Unexpectedly, whereas the presence of E. cuniculi genotype II in the feces of control groups of immunocompetent BALB/c mice in both acute and chronic phase of infection was detected intermittently thorough the whole experimental period, in experimental groups the excretion of E. cuniculi in feces was reduced for several days or disappeared, respectively, after inflammation induction. This phenomenon can be explained by concurrent increase of occurrence of E. cuniculi genotype II in foci of inflammation and disappearance of the parasite from the gastrointestinal tract towards organs outside the gastrointestinal tract as previously reported in albendazole treated mice.30,39,58

Conclusions

Based on our results we can conclude that the induction of inflammation had caused increased migration of E. cuniculi genotype II to inflammatory foci as the frequency of spores was not random but shifted in favor of the site of induced inflammation compared to control groups, where spores were accidental or spores or their specific DNA was not detected at all. It can be assumed that E. cuniculi genotype II could be secondarily transported to the site of inflammation with the contribution of immune cells participating in its formation. E. cuniculi are also able to survive for a long time in immunocompetent hosts without any clinical signs, under certain circumstances the infection may be reactivated after inflammation induction.
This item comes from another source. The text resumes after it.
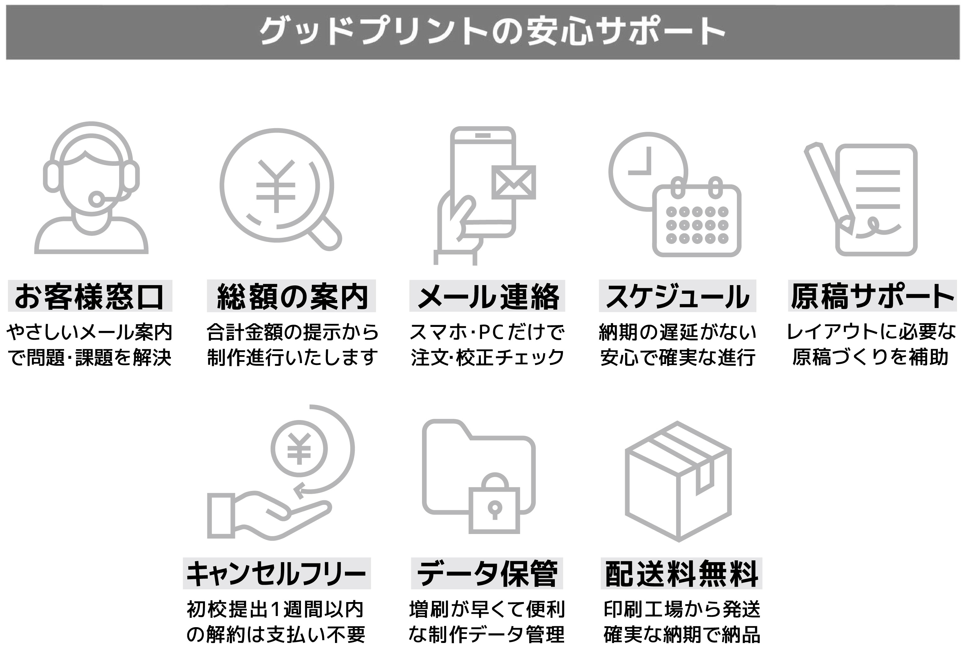 グッドプリントは、厳選された高品質を誇るネット印刷への入稿・発送手配をあなたに代わって行います。徹底した進行スケジュール・管理体制のもと納品まで見届けます。納期に遅れる心配はありません。洗練されたDTP環境をコンビニに立ち寄る感覚で気軽にご利用いただけます。

However, the mechanisms of such migration as well as the vehicle cells and mechanism of infection reactivation remain speculative and need to be specified in detail.

The elucidation of possible connection with pro-inflammatory immune responses, addressing the tissue specificity and the mechanisms of transfer to target tissues represent an important challenge with potential consequences for human health and brings novel insight into microsporidia problematic and developing reliable preventive and therapeutic strategies.

Funding

The study was supported by grants from the Grant Agency of the Czech Republic (17-12871S and 20-10706S).

Disclosure

The authors report no conflicts of interest in this work.